16.01-11: Wagner 1936 25 Cycle, Repulsion Induction Motor

HHCC Accession No. 2006.179HHCC Classification Code: 16.01-11
Description:

An early 20th century, 25 cycle, repulsion induction motor with two historic innovations, a first generation, vibration isolating motor mount, and an inherent overload protector with automatic reset, helping to reduce both noise and the risk of personal and property injury in the Canadian kitchen, built in Canada for Kelvinator of Canada’s cabinet refrigerators introduced in the early 1930’s, Wagner, Circa 1936. [see also ID# 297]


Image Gallery (3 Images)
Group:

16.01 Electric Motors - Single Phase, Repulsion Induction

Make:

Wagner

Manufacturer:

Wagner Electric Mfg.
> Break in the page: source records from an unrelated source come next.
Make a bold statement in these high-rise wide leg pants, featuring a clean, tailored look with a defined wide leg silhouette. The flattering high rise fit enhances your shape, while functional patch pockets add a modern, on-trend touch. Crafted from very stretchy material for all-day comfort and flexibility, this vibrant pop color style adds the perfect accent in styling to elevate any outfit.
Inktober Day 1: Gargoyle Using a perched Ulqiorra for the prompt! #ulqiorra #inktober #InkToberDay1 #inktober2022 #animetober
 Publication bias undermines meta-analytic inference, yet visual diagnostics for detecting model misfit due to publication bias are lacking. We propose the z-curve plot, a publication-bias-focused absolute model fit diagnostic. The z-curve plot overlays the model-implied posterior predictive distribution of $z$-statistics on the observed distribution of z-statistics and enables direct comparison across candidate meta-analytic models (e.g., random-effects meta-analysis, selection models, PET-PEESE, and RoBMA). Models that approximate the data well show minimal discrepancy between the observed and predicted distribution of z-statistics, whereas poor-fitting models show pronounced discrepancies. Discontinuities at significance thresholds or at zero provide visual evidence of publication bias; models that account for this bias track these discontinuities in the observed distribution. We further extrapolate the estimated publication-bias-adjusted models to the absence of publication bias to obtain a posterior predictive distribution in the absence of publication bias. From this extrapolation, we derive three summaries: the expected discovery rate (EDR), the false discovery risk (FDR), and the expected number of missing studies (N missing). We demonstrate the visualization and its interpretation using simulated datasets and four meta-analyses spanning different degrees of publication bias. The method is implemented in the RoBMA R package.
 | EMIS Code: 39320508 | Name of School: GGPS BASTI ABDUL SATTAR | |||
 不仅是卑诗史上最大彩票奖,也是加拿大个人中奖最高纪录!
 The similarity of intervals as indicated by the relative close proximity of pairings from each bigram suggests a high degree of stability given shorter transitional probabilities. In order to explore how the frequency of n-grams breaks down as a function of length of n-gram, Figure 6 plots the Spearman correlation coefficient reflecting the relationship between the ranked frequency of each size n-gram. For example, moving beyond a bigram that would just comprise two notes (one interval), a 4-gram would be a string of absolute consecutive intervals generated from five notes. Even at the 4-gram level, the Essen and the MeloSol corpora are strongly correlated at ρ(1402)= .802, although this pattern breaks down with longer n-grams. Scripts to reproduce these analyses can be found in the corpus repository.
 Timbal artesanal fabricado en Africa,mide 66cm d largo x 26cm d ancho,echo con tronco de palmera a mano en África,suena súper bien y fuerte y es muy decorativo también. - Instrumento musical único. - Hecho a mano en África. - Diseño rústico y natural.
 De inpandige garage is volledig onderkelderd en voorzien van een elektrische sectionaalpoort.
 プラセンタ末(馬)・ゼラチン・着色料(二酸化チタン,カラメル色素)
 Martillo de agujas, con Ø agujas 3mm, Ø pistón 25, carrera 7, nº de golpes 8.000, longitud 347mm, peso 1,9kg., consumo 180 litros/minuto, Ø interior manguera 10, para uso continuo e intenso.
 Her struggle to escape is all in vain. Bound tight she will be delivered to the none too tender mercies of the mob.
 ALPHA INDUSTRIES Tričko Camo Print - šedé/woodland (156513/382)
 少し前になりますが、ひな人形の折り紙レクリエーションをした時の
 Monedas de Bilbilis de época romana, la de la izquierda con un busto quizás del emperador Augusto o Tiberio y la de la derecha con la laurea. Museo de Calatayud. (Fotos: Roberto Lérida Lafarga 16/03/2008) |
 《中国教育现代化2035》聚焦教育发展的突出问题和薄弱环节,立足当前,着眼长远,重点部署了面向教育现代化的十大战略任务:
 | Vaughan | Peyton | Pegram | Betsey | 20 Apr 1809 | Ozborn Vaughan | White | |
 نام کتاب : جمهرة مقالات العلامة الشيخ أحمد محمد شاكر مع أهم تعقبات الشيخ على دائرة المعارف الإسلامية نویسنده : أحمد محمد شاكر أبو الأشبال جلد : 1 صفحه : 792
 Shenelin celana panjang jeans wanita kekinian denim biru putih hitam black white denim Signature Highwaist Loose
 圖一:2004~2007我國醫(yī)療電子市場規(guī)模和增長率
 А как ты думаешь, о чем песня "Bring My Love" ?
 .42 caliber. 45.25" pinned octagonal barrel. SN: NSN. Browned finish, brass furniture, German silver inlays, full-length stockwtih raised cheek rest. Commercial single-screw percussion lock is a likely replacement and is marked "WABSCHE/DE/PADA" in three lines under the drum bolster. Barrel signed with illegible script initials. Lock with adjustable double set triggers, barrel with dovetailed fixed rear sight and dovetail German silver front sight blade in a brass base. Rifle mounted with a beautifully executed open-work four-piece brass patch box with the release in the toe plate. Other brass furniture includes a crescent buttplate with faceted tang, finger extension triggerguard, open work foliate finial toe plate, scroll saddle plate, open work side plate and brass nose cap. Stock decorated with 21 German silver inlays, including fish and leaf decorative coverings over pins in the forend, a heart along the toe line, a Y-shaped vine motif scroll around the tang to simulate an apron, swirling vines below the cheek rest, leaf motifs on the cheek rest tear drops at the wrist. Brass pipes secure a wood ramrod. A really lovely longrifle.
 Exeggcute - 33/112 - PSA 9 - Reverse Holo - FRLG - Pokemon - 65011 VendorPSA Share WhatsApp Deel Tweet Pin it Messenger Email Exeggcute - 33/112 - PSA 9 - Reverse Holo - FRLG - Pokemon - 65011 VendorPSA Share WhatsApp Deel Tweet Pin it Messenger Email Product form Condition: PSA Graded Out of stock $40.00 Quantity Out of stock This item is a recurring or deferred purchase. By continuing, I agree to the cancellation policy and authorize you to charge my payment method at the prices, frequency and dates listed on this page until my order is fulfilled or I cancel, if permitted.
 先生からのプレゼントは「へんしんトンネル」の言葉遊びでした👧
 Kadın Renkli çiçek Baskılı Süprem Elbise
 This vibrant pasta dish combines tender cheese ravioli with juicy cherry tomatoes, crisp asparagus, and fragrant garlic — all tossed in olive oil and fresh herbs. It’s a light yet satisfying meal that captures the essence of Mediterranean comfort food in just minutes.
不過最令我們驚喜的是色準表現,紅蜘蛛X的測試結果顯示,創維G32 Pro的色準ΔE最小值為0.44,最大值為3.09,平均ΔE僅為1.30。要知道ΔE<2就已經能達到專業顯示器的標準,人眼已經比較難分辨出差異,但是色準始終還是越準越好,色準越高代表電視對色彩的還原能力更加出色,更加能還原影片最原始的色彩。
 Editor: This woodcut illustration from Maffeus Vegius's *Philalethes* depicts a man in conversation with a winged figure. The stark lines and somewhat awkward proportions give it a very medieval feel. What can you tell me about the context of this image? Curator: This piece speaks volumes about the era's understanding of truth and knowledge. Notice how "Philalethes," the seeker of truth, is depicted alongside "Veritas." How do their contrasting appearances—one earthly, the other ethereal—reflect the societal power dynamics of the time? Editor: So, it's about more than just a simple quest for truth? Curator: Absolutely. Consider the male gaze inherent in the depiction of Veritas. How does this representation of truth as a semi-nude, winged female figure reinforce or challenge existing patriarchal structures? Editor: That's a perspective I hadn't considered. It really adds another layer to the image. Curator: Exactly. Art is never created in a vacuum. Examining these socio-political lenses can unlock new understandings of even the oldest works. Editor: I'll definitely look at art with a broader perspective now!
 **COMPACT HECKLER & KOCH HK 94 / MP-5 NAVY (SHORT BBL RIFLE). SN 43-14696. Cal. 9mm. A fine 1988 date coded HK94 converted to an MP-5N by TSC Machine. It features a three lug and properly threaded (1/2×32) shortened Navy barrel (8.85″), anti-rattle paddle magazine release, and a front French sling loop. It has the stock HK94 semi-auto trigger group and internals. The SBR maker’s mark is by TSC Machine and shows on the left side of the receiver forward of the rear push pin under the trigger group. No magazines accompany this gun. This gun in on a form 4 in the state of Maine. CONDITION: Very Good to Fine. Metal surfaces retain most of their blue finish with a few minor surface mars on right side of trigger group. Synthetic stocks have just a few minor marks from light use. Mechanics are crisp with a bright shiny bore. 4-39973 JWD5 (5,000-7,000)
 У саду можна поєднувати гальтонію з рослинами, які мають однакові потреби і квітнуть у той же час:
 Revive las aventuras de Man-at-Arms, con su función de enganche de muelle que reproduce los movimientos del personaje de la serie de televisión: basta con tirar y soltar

Co. of Canada Ltd., Div. of Sangamo Co., Ltd. Leaside Ont.

Model:

YL22B55, Type SAR

Serial No.:

1457879

Size:

12 x 8 x 8’h

Weight:

36 lbs.

Circa:

1936

Rating:

Exhibit, education, and research quality, illustrating the engineering and construction of an early, Canadian made FHP motor for a Canadian refrigerator, with vibration isolating base and inherent, automatic overload protection.

Patent Date/Number:
Provenance:

From York County (York Region) Ontario, once a rich agricultural hinterlands, attracting early settlement in the last years of the 18th century. Located on the north slopes of the Oak Ridges Moraine, within 20 miles of Toronto, the County would also attract early ex-urban development, to be come a wealthy market place for the emerging household and consumer technologies of the early and mid 20th century.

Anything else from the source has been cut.